Authors: Tong Zheng, Lichang Chen, Simeng Han, R. Thomas McCoy, Heng Huang
Subjects: cs.CL
Abstract URL: https://arxiv.org/abs/2505.15817
Pdf URL: https://arxiv.org/pdf/2505.15817
Copy Paste: [[2505.15817]] Learning to Reason via Mixture-of-Thought for Logical Reasoning(https://arxiv.org/abs/2505.15817)
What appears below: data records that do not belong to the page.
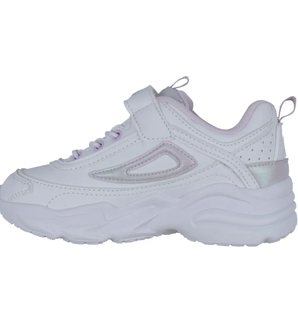 Fine Fila sko i hvidt, imiteret skind med detaljer i lys rosa med perlemorsskær.
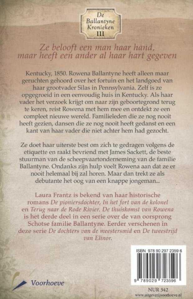 In het romantische boek 'De thuiskomst van Rowena' van Laura Frantz belooft een jonge vrouw een knappe man haar hand, terwijl ze een ander al haar hart heeft gegeven... Kentucky, 1950. Als de vader van Rowena Ballantyne het verzoek krijgt om terug te keren naar Pittsburgh, ontdekt Rowena een fascinerende wereld vol familieleden die ze nog nooit heeft ontmoet. Ze doet haar best om zich te gedragen volgens de strenge etiquette. Maar ondanks de hulp van James Sackett, de beste stuurman van de scheepvaartonderneming van de familie Ballantyne, denkt Rowena dat ze er nooit helemaal bij zal horen. Totdat ze als debutante het oog trekt van een knappe jongeman... "De thuiskomst van Rowena" is het derde deel in Laura Frantz' serie 'De Ballantyne Kronieken' over de van oorsprong Schotse familie Ballantyne.
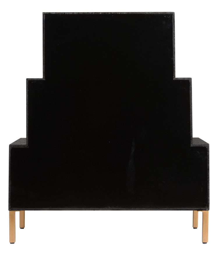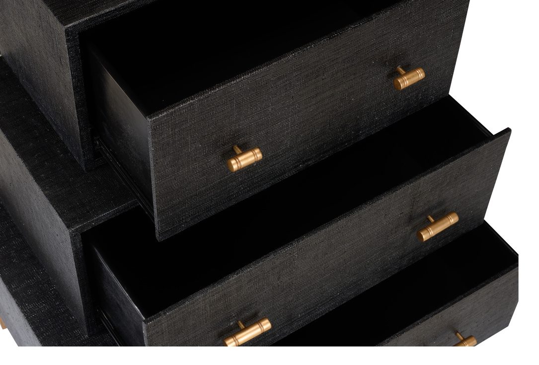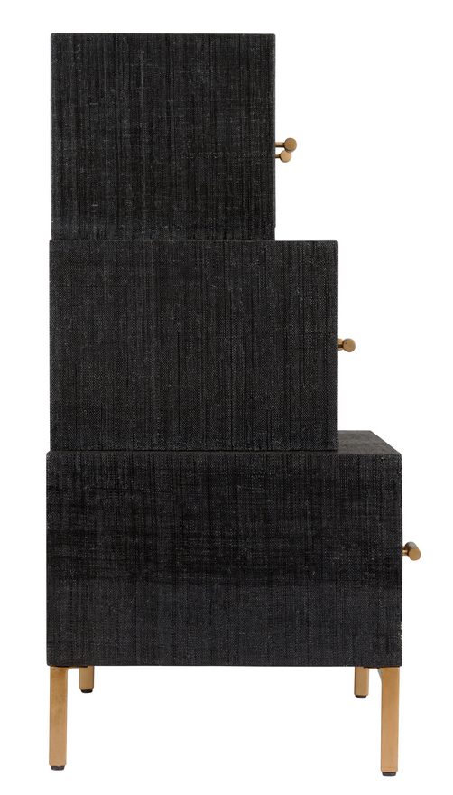 Product Description: Chelsea House 385145 Three Tiered Chest - Stunning three tiered chest. Wood covered with black raffia and antique gold metal handles. Not intended for clothing storage. Designed by Claire Bell.
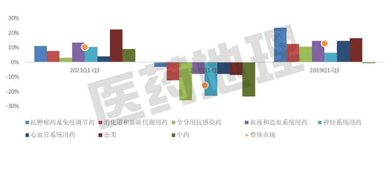 圖2樣本醫(yī)院市場TOP8治療類別近年增長趨勢(shì)(2019Q1-Q3,2020Q1-Q3,2021Q1-Q3)
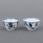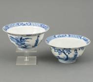 Paar Chinees porseleinen kommetjes met blauw-wit decor: ruiter te paard en vier figuren te voet, Chenghua gemerkt, Kangxi -één kom met miniem haarlijntje en enkele minieme randschilfers-, 3,5 x Ø 6 cm
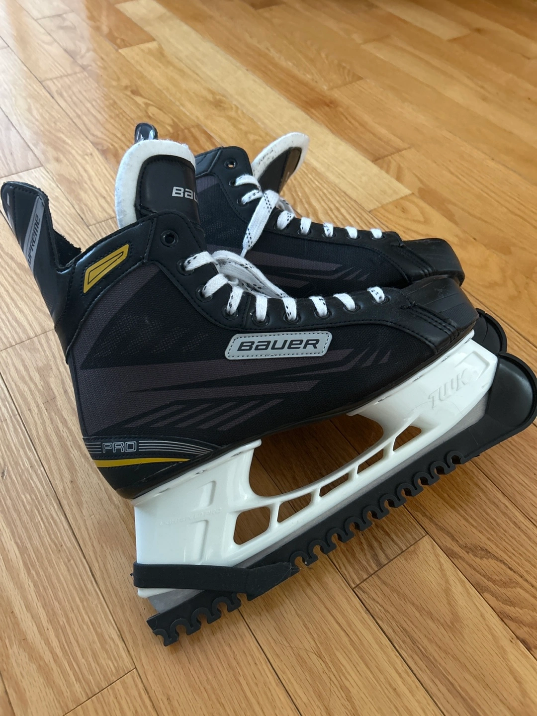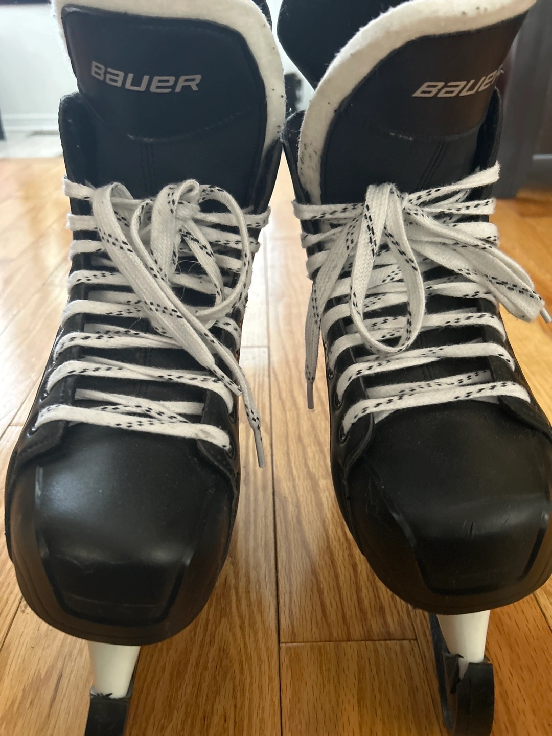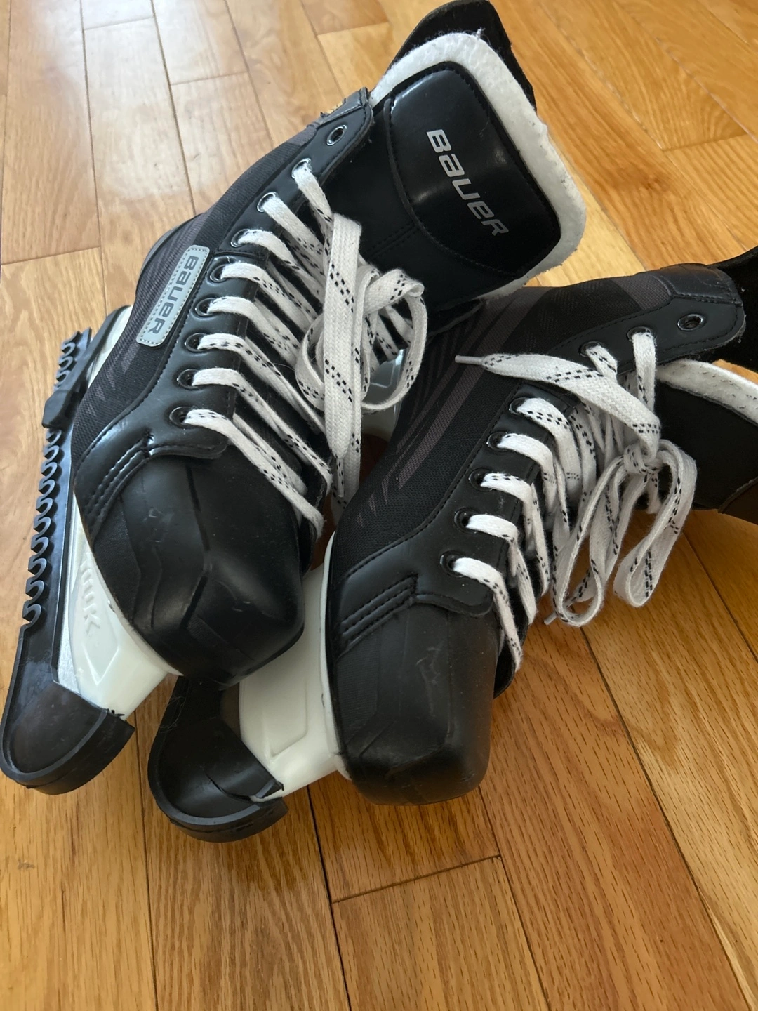 35Used Bauer mens hockey skates size 11.5. Black with white laces. Good condition. Includes skate guards.

Keywords: llm, chain-of-thought
Abstract: Human beings naturally utilize multiple reasoning modalities to learn and solve logical problems, i.e., different representational formats such as natural language, code, and symbolic logic. In contrast, most existing LLM-based approaches operate with a single reasoning modality during training, typically natural language. Although some methods explored modality selection or augmentation at inference time, the training process remains modality-blind, limiting synergy among modalities. To fill in this gap, we propose Mixture-of-Thought (MoT), a framework that enables LLMs to reason across three complementary modalities: natural language, code, and a newly introduced symbolic modality, truth-table, which systematically enumerates logical cases and partially mitigates key failure modes in natural language reasoning. MoT adopts a two-phase design: (1) self-evolving MoT training, which jointly learns from filtered, self-generated rationales across modalities; and (2) MoT inference, which fully leverages the synergy of three modalities to produce better predictions. Experiments on logical reasoning benchmarks including FOLIO and ProofWriter demonstrate that our MoT framework consistently and significantly outperforms strong LLM baselines with single-modality chain-of-thought approaches, achieving up to +11.7pp average accuracy gain. Further analyses show that our MoT framework benefits both training and inference stages; that it is particularly effective on harder logical reasoning problems; and that different modalities contribute complementary strengths, with truth-table reasoning helping to overcome key bottlenecks in natural language inference.
摘要：人类自然会利用多种推理方式来学习和解决逻辑问题，即不同的代表性格式，例如自然语言，代码和符号逻辑。相比之下，大多数现有的基于LLM的方法在训练过程中以单一的推理方式（通常是自然语言）运作。尽管某些方法在推理时探索了模态选择或增强，但训练过程仍然是模盲，限制了模态之间的协同作用。为了填补这一空白，我们提出了一个思想（MOT）的混合物，该框架使LLM可以跨越三种互补方式进行推理：自然语言，代码和新引入的象征性模式，真理桌子，系统地列举了逻辑案例，并在自然语言的自然语言推理中部分减轻关键失败模式。 MOT采用了两阶段的设计：（1）自我发展的MOT训练，该培训从模式的越来越多的自我生成的理由中共同学习；（2）MOT推断，它完全利用了三种方式的协同作用来产生更好的预测。对逻辑推理基准（包括对开本和证明作者）在内的实验表明，我们的MOT框架始终如一地超过了具有单模式链方法的强LLM基准，从而实现了高达 +11.7pp的平均准确性增长。进一步的分析表明，我们的MOT框架有利于培训和推理阶段。它对更困难的逻辑推理问题特别有效；而且，不同的方式可以促进互补的优势，并有助于克服自然语言推断的关键瓶颈。